Saluran tersebut dibuat dengan cara meninggikan tanah dibagian sisi-sisi petakan sawah atau yang biasa petani sebut sebagai galengan. Sebesar 65 atau sebanyak
26 orang petani memilih bentuk adaptasi tersebut untuk mengurangi kelebihan volume air yang menggenangi sawah akibat curah hujan yang tinggi.
5. Teknik Penanaman Jajar Legowo
Sebagian besar petani di Desa Ciasmara masih menerapkan pola penanaman dengan pola tanam tegel yaitu penanaman padi dengan jarak tanam 25cm x 25cm.

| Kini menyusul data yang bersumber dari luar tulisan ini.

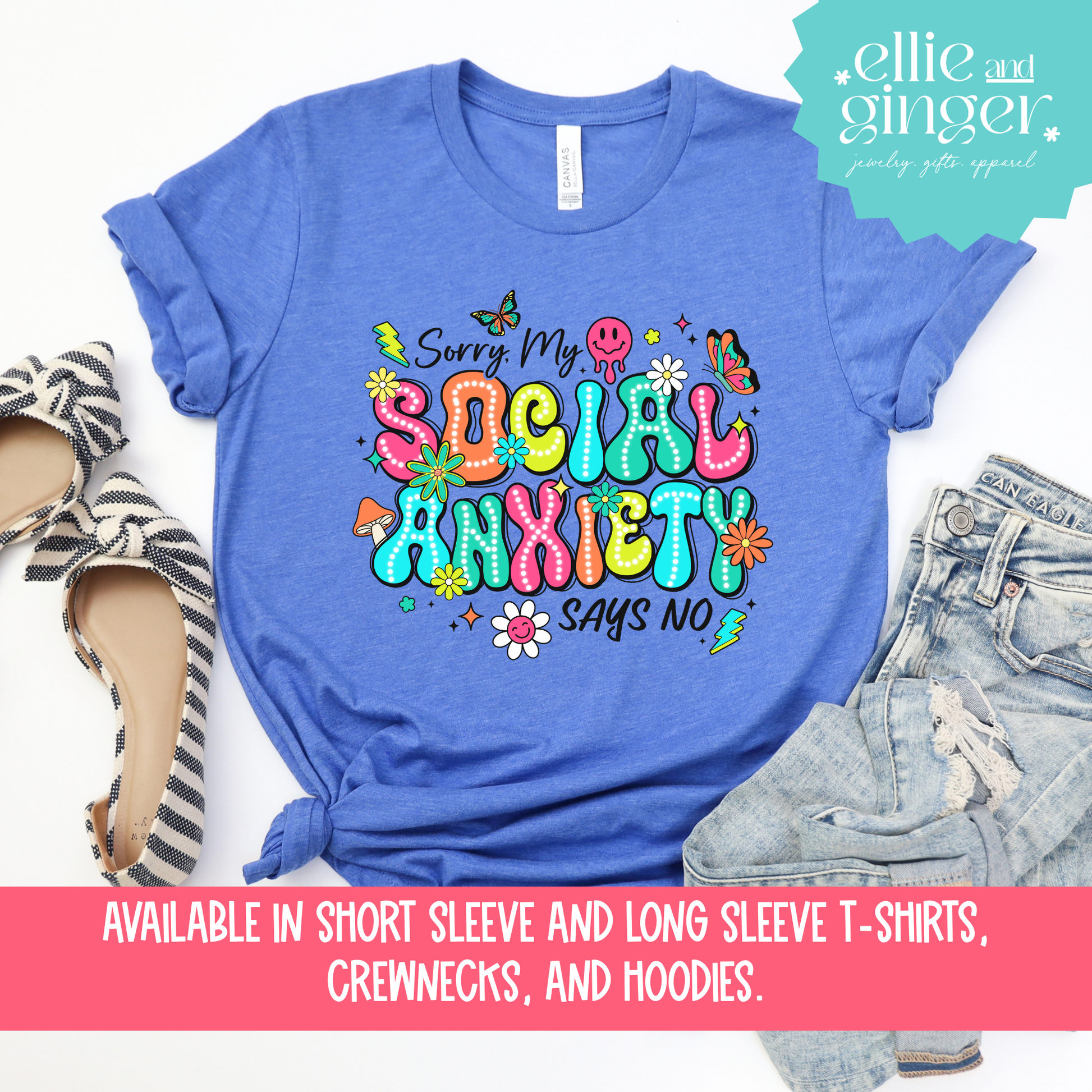 Sorry, My Social Anxiety Says No- Shirt, Crewneck, or Hoodie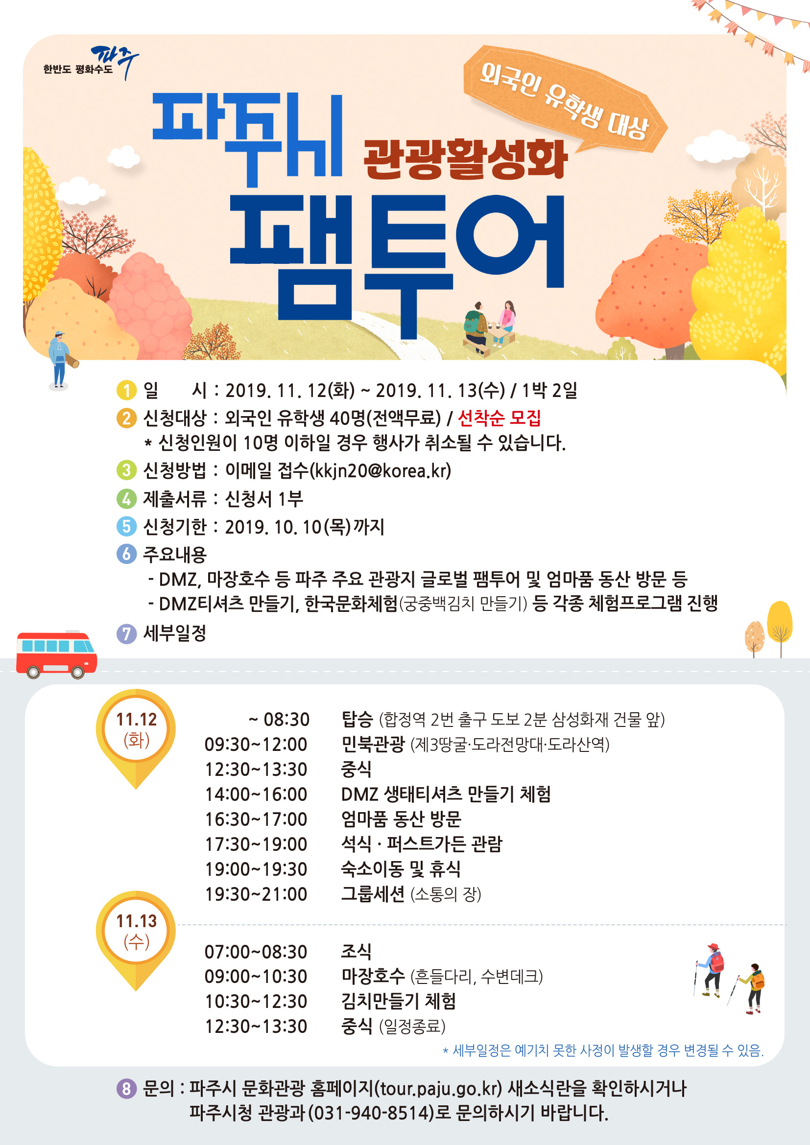 - [생활] 외국인유학생 대상 파주 관광활성화 팸투어 신청자 모집 안내

Salah satu penerapan pengendalian penyakit hama terpadu pada tanaman padi adalah penerapan pola tanam jajar legowo, yaitu menanam dengan jarak tanam
20cm x 40cm dan disetiap jarak terdapat satu baris dikosongkan. Teknik penanaman ini sangat bermanfaat dalam mengurangi dampak negatif
adanya perubahan cuaca ekstrim. Manfaat dari penerapan pola penanaman tersebut yaitu mengurangi serangan hama dan penyakit tanaman karena sirkulasi
udara dan cahaya matahari bebas keluar masuk pada baris tanam yang dikosongkan, serta mempermudah proses pemupukan dan penyemprotan karena
baris tanam yang lurus dan teratur. Sebanyak 25 petani sudah menerapkan teknik penanaman dengan pola penanaman jajar legowo sebagai salah satu bentuk
adaptasi dalam menghadapi perubahan cuaca ekstrim sedangkan sisanya, sebesar 75 atau sebanyak 30 orang petani masih mempertahankan teknik penanam
sesuai kebiasan mereka yaitu pola penanaman tegel.
6. Menggeser Waktu Tanam
Dampak yang dihadapi petani ketika terjadi perubahan cuaca pada musim tanam padi adalah masa tanam padi pasca perubahan cuaca tersebut mengalami
pergeseran waktu tanam. Sebesar 35 atau sebanyak 14 orang petani melakukan penyesuaian menghadapi perubahan cuaca dengan cara tersebut. Lahan sawah
akan dibiarkan kosong bera atau diistirahatkan selama pergeseran waktu tanam yang dilakukan, hal tersebut berakibat pada hilangnya penerimaan tidak langsung
yang bisa petan peroleh dari manfaat lahan tersebut.
6.3.1 Biaya Adaptasi
Pilihan beberapa jenis adaptasi yang dilakukan oleh petani tidak terlepas dari sejumlah biaya baik langsung maupun tidak langsung yang dikeluarkan
dalam menghadapi perubahan cuaca. Biaya tersebut merupakan biaya pencegahan yang dikeluarkan oleh petani untuk menghindari dampak negatif kerugian yang
lebih besar atas risiko kegagalan pertanian padi. Biaya langsung adalah biaya tunai yang dirasakan langsung pengeluarannya oleh petani seperti biaya
penyesuain ketika menambahkan benih, pestisida, tenaga kerja, biaya pengontrolan tata air, biaya ketika menerapkan pola tanam terpadu yaitu pola
penanaman jajar legowo. Biaya adaptasi tidak langsung adalah biaya yang dirasakan dampaknya secara tidak langsung, tidak dengan pengeluaran tunai
melainkan melalui penurunan hasil produksi, yang pada akhirnya menurunkan pendapatan petani. Adaptasi petani ketika menggeser waktu tanam tidak termasuk
dalam kategori pengeluaran biaya baik langsung ataupun tidak langsung, karena perubahan waktu tanam yang terjadi setelah kejadian cuaca ekstrim pada masa
tanam sebelumnya, dampak dari cuaca yang berkelanjutan membuat masa tanam selanjutnya menjadi bergeser. Biaya-biaya adaptasi yang dilakukan masing-
masing petani dapat dilihat pada Lampiran 9. Terjadi peningkatan serangan hama penyakit tanaman padi pada musim
tanam ke dua di tahun 2013 menyebabkan peningkatan biaya dalam penggunaan obat semprot. Biaya rata-rata adaptasi petani yang melakukan penambahan input
pestisida sebesar Rp.174 887 per hektar. Penambahan pestisida sebanding dengan penambahan frekuensi dalam kegiatan penyemprotan.